WHAT YOU NEED TO DO:
Output, word for word, the line that contains "구매 후 5~12일 정도" and all lines after it in the records below, omitting pictures.

Extracted data entries
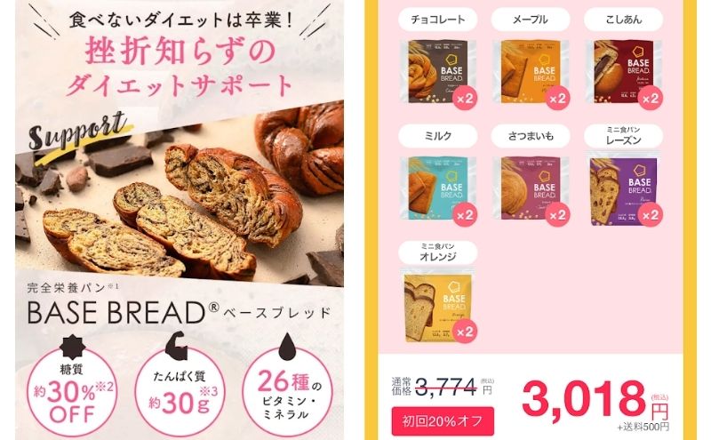 ※ベースブレッド14袋を購入、公式サイトは初回購入の場合。
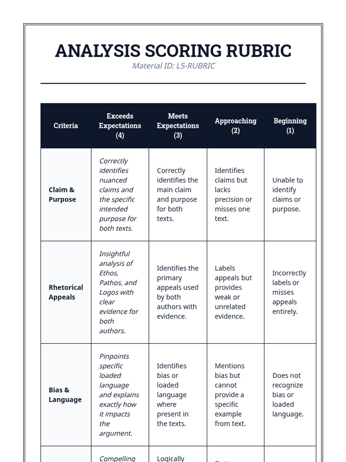 A 10th-grade English sequence focused on media literacy, helping students distinguish between fact and opinion, identify claims, analyze rhetorical appeals, and detect bias in persuasive texts.
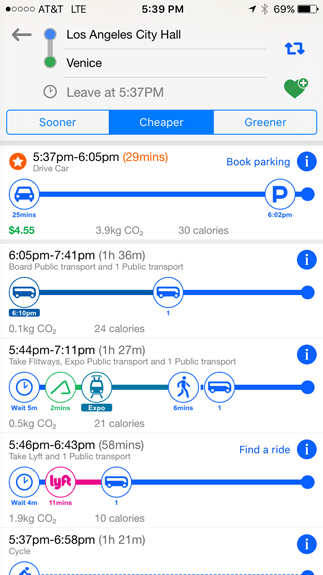As cool as that capability is, the Go LA app provides yet another innovative feature; namely, calculating trips from point A to point B and then categorizing the options by “sooner,” “cheaper,” and “greener.” Users are further empowered to make the best mobility choice to meet their needs and preferences through information related to price, trip duration, calories burned and carbon dioxide generated by their trip. Pretty slick.
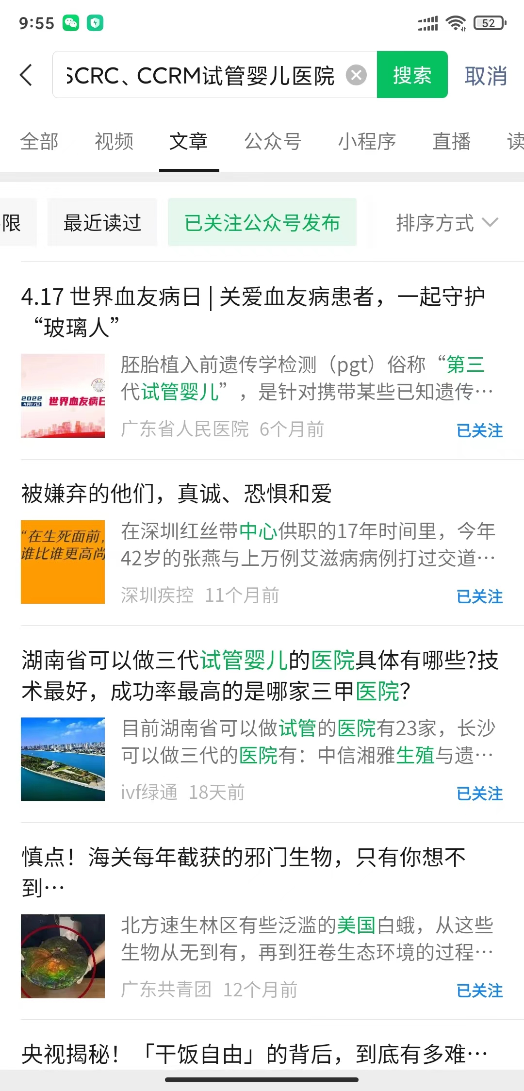 请注意搜索结果页面截图,需要点击文章模块,筛选已关注的公众号。若已关注的公众号下方有展示是符合预期
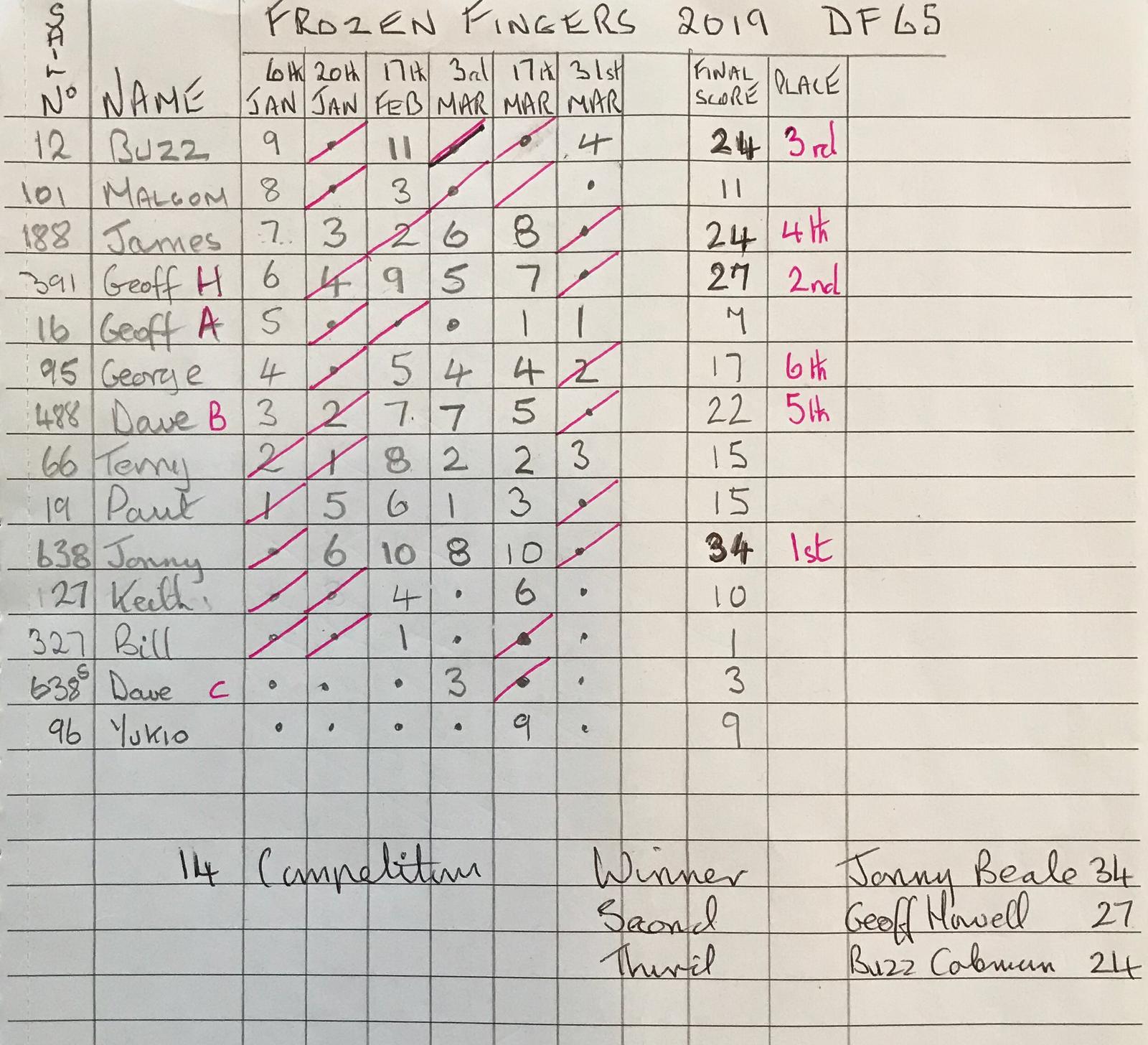 31.3.19 Sunday final round of the DF65 Frozen Fingers.
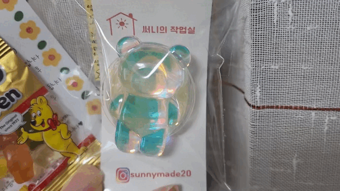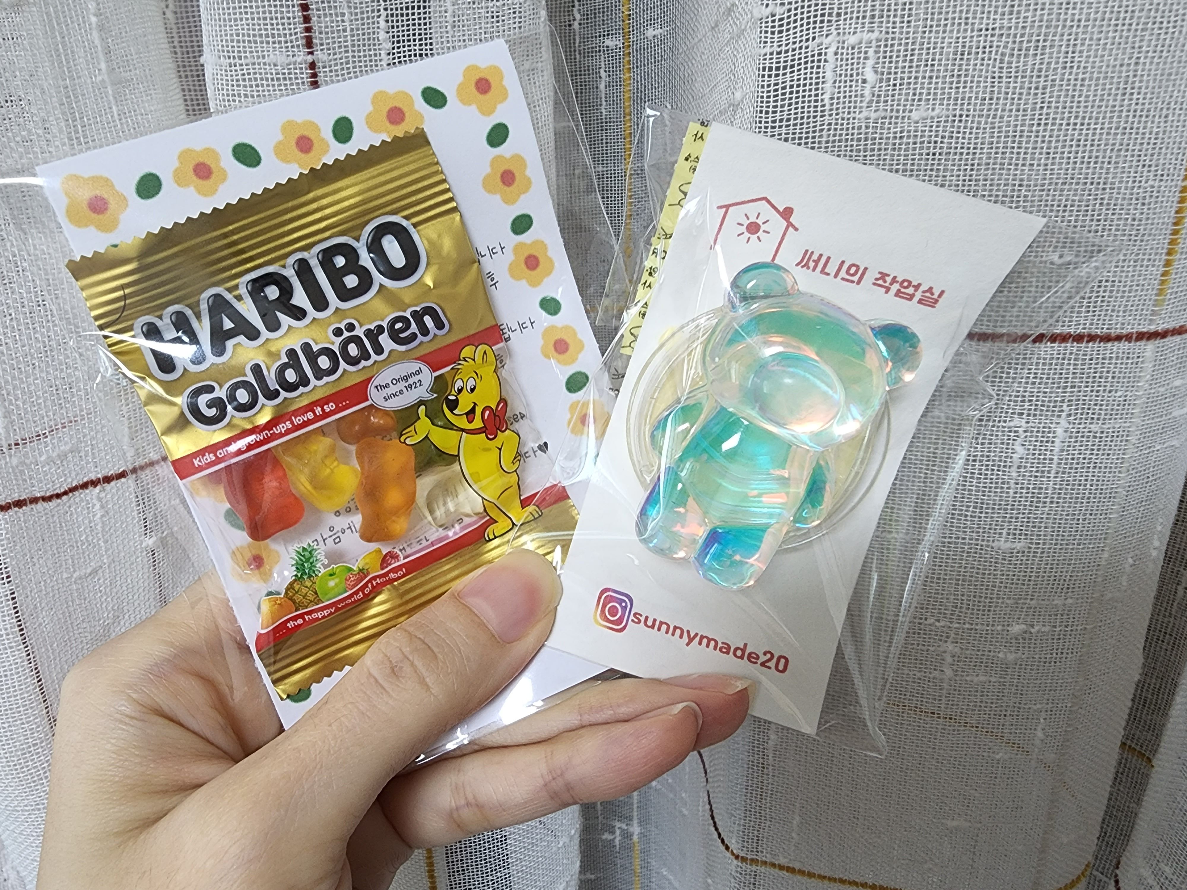 구매 후 5~12일 정도 소요된다고 안내받았는데 빨리는 아니지만 적당히 예상했던 때쯤 그립톡이 도착했다. 두근두근! 하리보 젤리와 함께 온 나의 오로라 곰돌이 그립톡 (미니곰돌이, 블루)💙
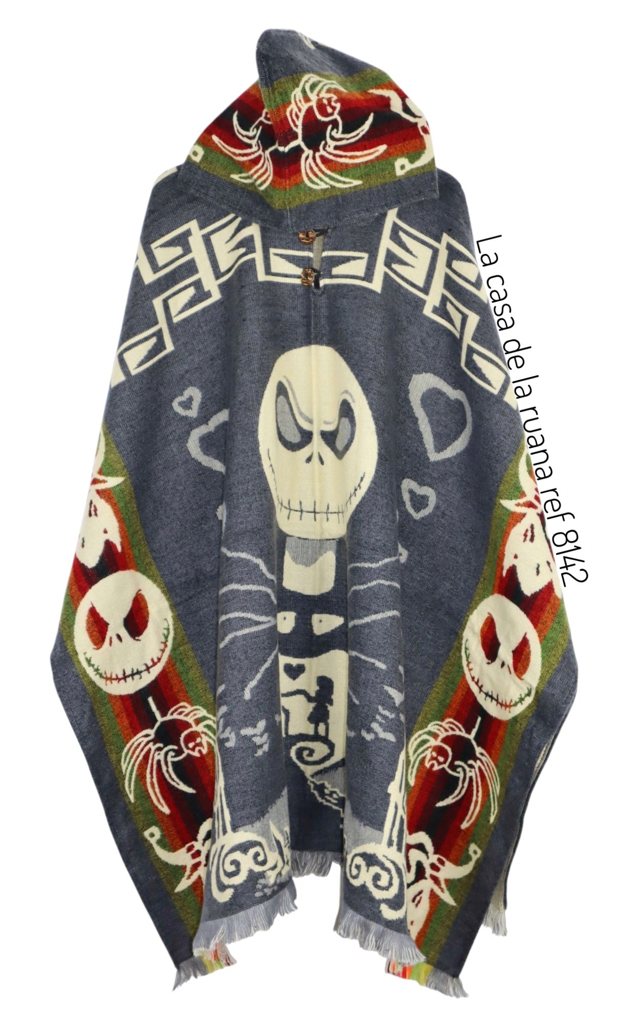 El diseño de esta ruana es largo por lo cual queda entre la mitad de la pierna y la rodilla dependiendo de la estatura de la persona.

EXPECTED ANSWER:
 구매 후 5~12일 정도 소요된다고 안내받았는데 빨리는 아니지만 적당히 예상했던 때쯤 그립톡이 도착했다. 두근두근! 하리보 젤리와 함께 온 나의 오로라 곰돌이 그립톡 (미니곰돌이, 블루)💙
 El diseño de esta ruana es largo por lo cual queda entre la mitad de la pierna y la rodilla dependiendo de la estatura de la persona.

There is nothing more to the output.